The isotopic effect that the researchers are looking at has been hypothesized for a while, but the paper – published as a letter to the February 8th edition of Nature  - is the first demonstration of the energy storage-and-release mechanism. The method uses non-fissionable radioisotopes; in the study, radioactive isotopes of molybdenum were used. The nuclei of these isotopes can become excited into a ‘metastable’ state that lasts for approximately seven hours; when this happens, the nuclei store energy.

The nuclei can be made to de-excite in a particular way. First, the atom is ionized, leaving a hole in one of its electronic orbitals. If that gap is filled with an electron with precisely the right amount of energy, some of that energy is transferred to the nucleus, which causes the metastable state to de-excite, releasing its energy. One could perhaps envision many primed molybdenum nuclei which could be de-excited simultaneously by passing a small current of electrons through the material, releasing the stored-up power. The main advantage to this is that the energy storage – which is, after all, fundamentally a nuclear process – has an energy density that is orders of magnitude higher.

The physical effect of electron capture causing a stimulated de-excitation of the nucleus had been proposed for more than 40 years, but the Army’s desire to find novel fundamental ways of storing and releasing energy motivated the study. Nuclear scientists from Russia’s Joint Institute for Nuclear Research, as well as Universities from Europe and Australia, collaborated on the study, while the actual demonstration experiment was performed in December 2015 at the ATLAS facility at Argonne National Laboratory.

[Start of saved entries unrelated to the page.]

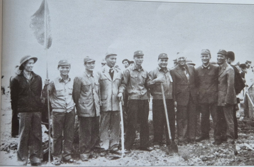 | Đồng chí Phạm Bân cùng các đồng chí lãnh đạo địa phương và cán bộ chỉ huy các đơn vị trên công trình xây dựng kinh tế - quốc phòng tỉnh Quảng Nam - Đà Nẵng. |
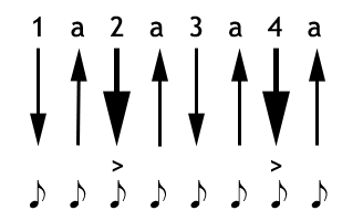 Emphasized strokes are indicated by a thick arrow. — Underneath the arrows, you can find conventional musical notes, that again represent the beat. Here, the emphasized beats are identified by a ">" above the respective notes.
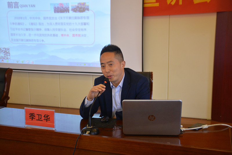 在宣讲会上,米兰官网人文学院教师季卫华博士作了《开展扫黑除恶专项斗争,创造安全稳定社会环境》为主题的宣讲。季卫华老师结合法律知识和现实案例,就开展扫黑除恶专项斗争的重大意义、“打黑”变“扫黑”的深意、认定黑恶势力的主要标准、重点打击的十二种黑恶势力等内容,对党员干部作了十分生动精彩的讲解。
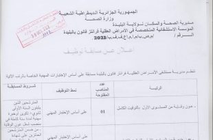 أكمل القراءة »اعلان عن توظيف بمستشفى الامراض العقلية فرانتز فانون البليدة
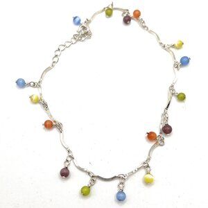 Silver plated faux cat's eye beads, it is 9 inches long with a 1 1/2 inch extender with spring closure. In excellent condition.
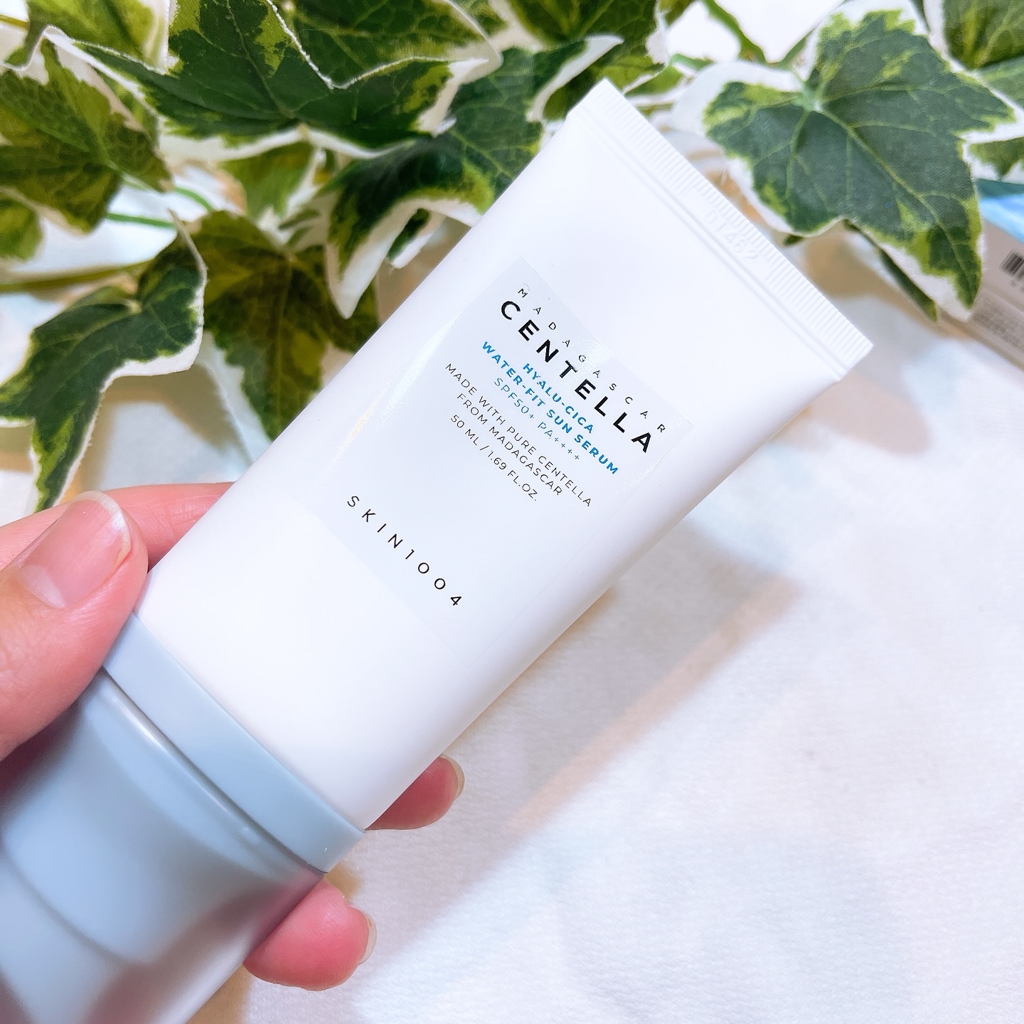 SKIN1004のヒアルーシカ サンセラムはべたつきなしでセラムような軽い付け心地 SPF50+PA++++強力な紫外線保護効果があるのにヒアルロン酸とツボクサエキス配合で乾燥した肌に水分チャージしてくれるからお肌の息苦しさがなくて1日快適なお肌感☀️ 真っ白の乳液テクスチャだけど白浮きしないから日焼け止めでお顔真っ白になっちゃうのが心配な人でも適当にササッと伸ばしてもキレイな仕上がり✨ この日焼け止めは私も大好きで実はこれ5本目かな?🤔 私がリアルにずっと使ってる商品だからみんなにも使ってみて欲しい🥺💓

The concept of nuclear batteries has been around since 1913 when Henry Mosely demonstrated the first betavoltaic device – a battery that merely uses the natural decay of radioactive substances which emit electrons to drive a current. The costly nature of nuclear batteries, when compared to their chemical cousins, has limited their use, but the fact that they can provide power that’s long-lasting and at a very high energy density has seen them being used in specific medical applications, as well as in the military and space. This is reminiscent of how solar panels were used initially – limited at first to particular applications before the price fell sufficiently to allow widespread use.

Now that the first experimental demonstrations of this effect have taken place, they can be used to test and perhaps validate the theoretical models that already exist – which will, in turn, allow for better prototypes to be constructed. The US Army Research Laboratory is concentrating on producing technologies that might one day be useful in the field – but even if this particular type of nuclear battery proves impractical, the fundamental physics research is still valuable to the nuclear physics community. More than a century after the first rumblings about radiation occurred, we’re still unlocking the secrets of the atom – and trying to determine if we can use them to our advantage.